What is art?
May 2nd, 2008 | By Ophelia
Every artform is a reflection of another, and all art is a mirror which reflects not only ourselves and our lives but the experiences of all humanity.
To truly appreciate art we must understand its symbolic significance, its past and its present, its history and its future, its connection to ourselves and the world around us. Never does there exist only one layer of meaning. Nothing is what it seems. As Oscar Wilde once said, “All art is at once surface and symbol.” Nothing is by accident, and everything is one. “There are many philosophical systems – such as Taoism and Buddhism – which make no distinction between creator and creature. People no longer try to decipher the mystery of life, but choose instead to be part of it…The Spirit finally merges with the Material, and the two are united and transformed.” (from ‘The Witch of Portobello’ by Paulo Coelho)
In our society we are taught from birth to trust the logic and rationality of our conscious mind. But many of us exist without ever understanding that “completely new thoughts and creative ideas can also present themselves from the unconscious. They grow up from the dark depths of the mind like a lotus and form a most important part of the subliminal psyche.” According to Jung, we can unlock our unconscious through our dreams. “One cannot afford to be naïve in dealing with dreams.
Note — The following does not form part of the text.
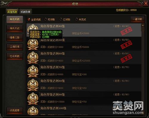 923yx《七杀》中成就积分可以通过元宝购买积分令牌获得,不过这很耗费金钱。另一种获取方式就是完成英雄成就获取。英雄成就一共有5种,分别为角色成就、神兵天成、强者之路、江湖历练、社会成就。其中角色成就和社会成就还是比较好完成的,都是一些等级、登录、战力、加好友、行会之类的。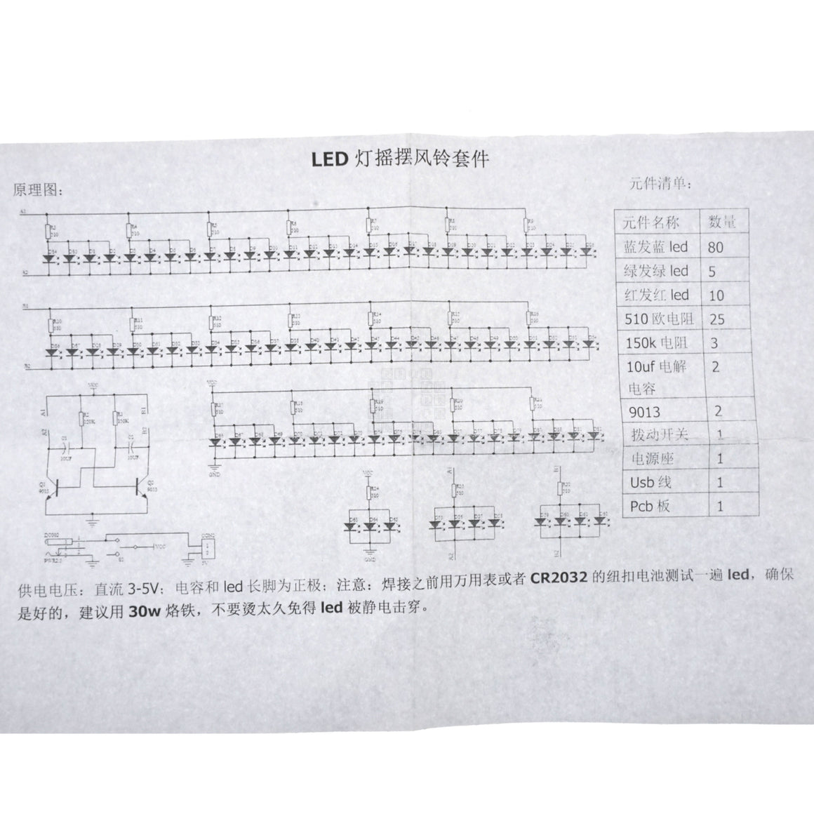 Note: Kit says 3-5VDC, but Blue LEDs require 4.0-4.5V to turn on!

They originate in a spirit that is not quite human, but is rather a breath of nature – a spirit of the beautiful and generous as well as of the cruel goddess. If we want to characterize this spirit, we shall certainly get closer to it in the sphere of ancient mythologies, or the fables of the primeval forest, than in the consciousness of modern man. I am not denying that great gains have resulted from the evolution of civilized society. But these gains have been made at the price of enormous losses, whose extent we have scarcely begun to estimate.”
Many of us have lost touch with the ritual, the spiritual, the mystic, the sacred. Many of us have lost touch with emotion, experience, empathy and humanity. It is art which reminds us that we must once again embrace “the edge of certainty beyond which conscious knowledge cannot pass.”It reminds us to feel again, to lose ourselves in something which is both beyond reason and before reason – something both primeval and eternal in the same moment.